ABOUT THIS EXERCISE:
Write out the stretch of lines below that begins at the line with "В квартире удобная" and ends at the line with "inventory and certifications: MHV", including both, exactly as given and nothing more.

TASK MATERIAL:
# # #

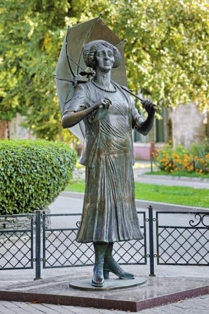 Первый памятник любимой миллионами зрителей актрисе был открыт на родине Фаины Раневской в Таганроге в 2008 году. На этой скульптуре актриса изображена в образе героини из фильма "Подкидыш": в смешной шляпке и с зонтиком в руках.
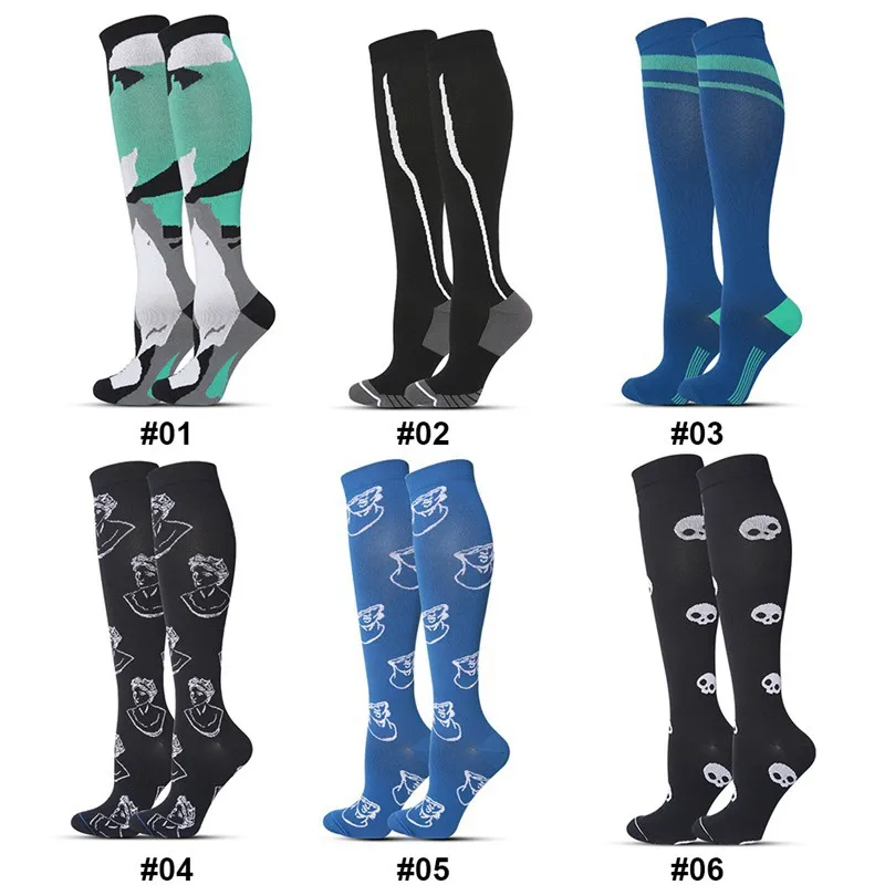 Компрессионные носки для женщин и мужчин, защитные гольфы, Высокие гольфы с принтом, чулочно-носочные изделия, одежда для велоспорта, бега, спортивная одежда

# # #

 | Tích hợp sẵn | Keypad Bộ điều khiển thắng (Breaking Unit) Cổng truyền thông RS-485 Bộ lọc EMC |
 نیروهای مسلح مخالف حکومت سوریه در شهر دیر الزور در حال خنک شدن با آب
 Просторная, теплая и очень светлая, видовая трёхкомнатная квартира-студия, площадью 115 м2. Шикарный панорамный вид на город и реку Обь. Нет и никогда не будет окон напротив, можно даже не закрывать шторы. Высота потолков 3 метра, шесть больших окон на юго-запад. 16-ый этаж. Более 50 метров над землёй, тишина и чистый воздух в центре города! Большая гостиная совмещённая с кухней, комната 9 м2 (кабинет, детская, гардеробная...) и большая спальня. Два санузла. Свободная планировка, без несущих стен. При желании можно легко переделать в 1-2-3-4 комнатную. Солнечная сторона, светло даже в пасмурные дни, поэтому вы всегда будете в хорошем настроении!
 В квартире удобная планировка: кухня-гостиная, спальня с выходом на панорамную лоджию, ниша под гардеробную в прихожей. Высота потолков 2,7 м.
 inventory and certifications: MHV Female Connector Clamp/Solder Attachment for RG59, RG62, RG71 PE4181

# # #

RESULT OF THIS EXERCISE:
 В квартире удобная планировка: кухня-гостиная, спальня с выходом на панорамную лоджию, ниша под гардеробную в прихожей. Высота потолков 2,7 м.
 inventory and certifications: MHV Female Connector Clamp/Solder Attachment for RG59, RG62, RG71 PE4181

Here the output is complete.